In recent years, companies such as Paques in the Netherlands and BioteQ in North America have developed mine-water treatment plants that reduce metal loadings by reacting sulphide gas with the mine water to form metal sulphides.
The basic principles behind this process are the production of hydrogen sulphide (H2S) from elemental sulphur via the action of anaerobic bacteria.
The sulphide is reacted with a solution containing target metals, and the metals are precipitated from solution as the insoluble sulphide. Dependent upon the solution chemistry and the target metals, pH adjustment of the solution may be required.
Such plants have been installed in several places around the world, including the BioteQ plants at the Caribou and Raglan mines in Canada and the Bisbee mine in Arizona.
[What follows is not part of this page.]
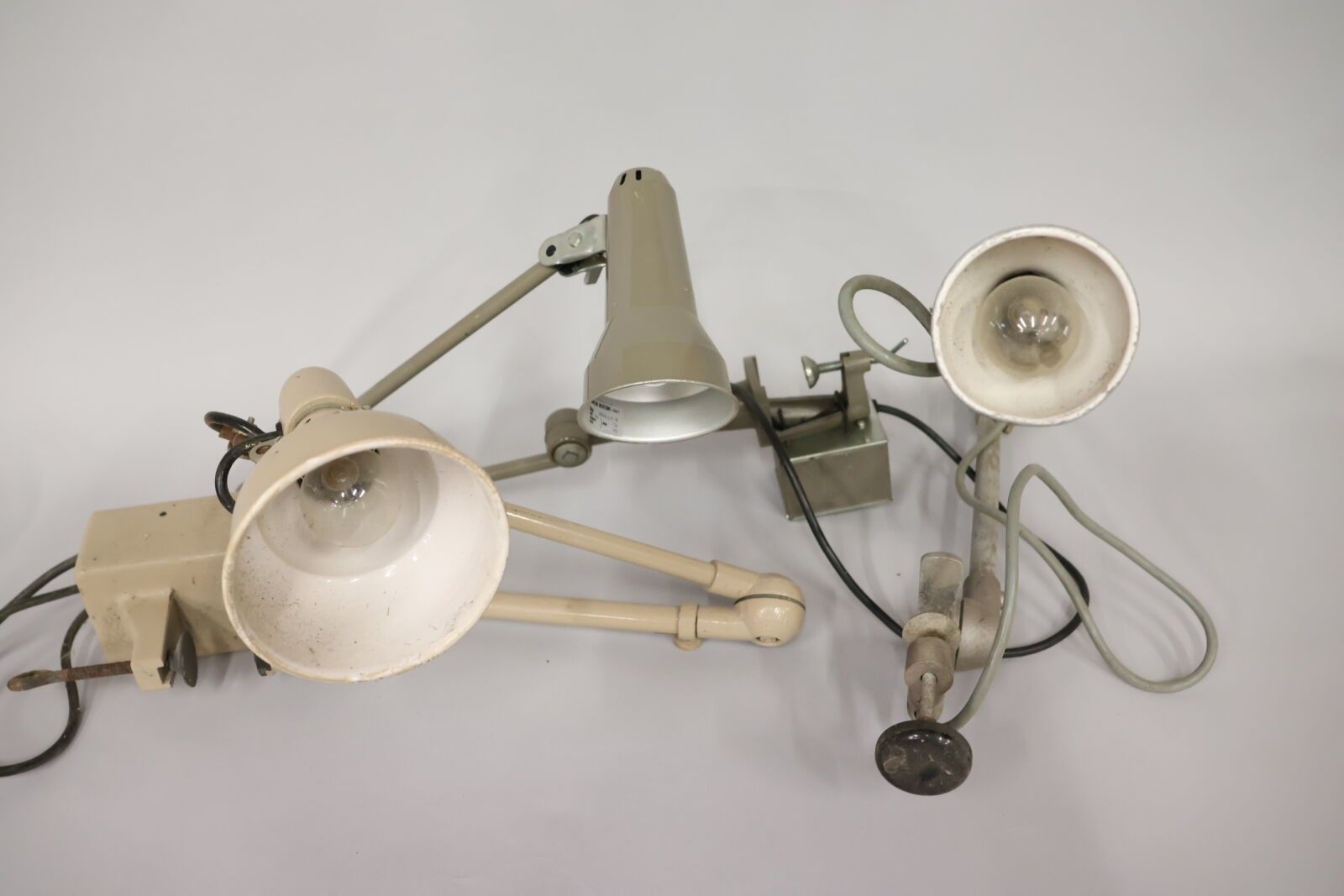 Set of 3 sewing-machine lamps with metal articulated arm and…

In these locations, the metal sulphide precipitate produced can be processed by conventional smelting operations, and metals that would otherwise be lost are recovered.
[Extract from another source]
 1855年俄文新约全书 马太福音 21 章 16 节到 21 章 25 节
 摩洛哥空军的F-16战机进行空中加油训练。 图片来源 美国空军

The operations have proved to have positive cash flows.

Conclusion

However, even if the ‘ore potential’ can be proven and the technology will recover economic amounts of metal, there may still be limited incentive to ‘re-mine’ many old mining districts. Challenges include new mining ventures being held responsible for past mining legacy, as well as any new disturbance, and the mere mention of metal value from these old districts could result in legal action from property owners or bankruptcy trustees who will lay claim to any recovered value.

So while reworking of mine wastes and recovery from mine waters has its advantages, it is acknowledged this is not always the most suitable solution. Sometimes only a well-engineered containment or mitigation solution is appropriate.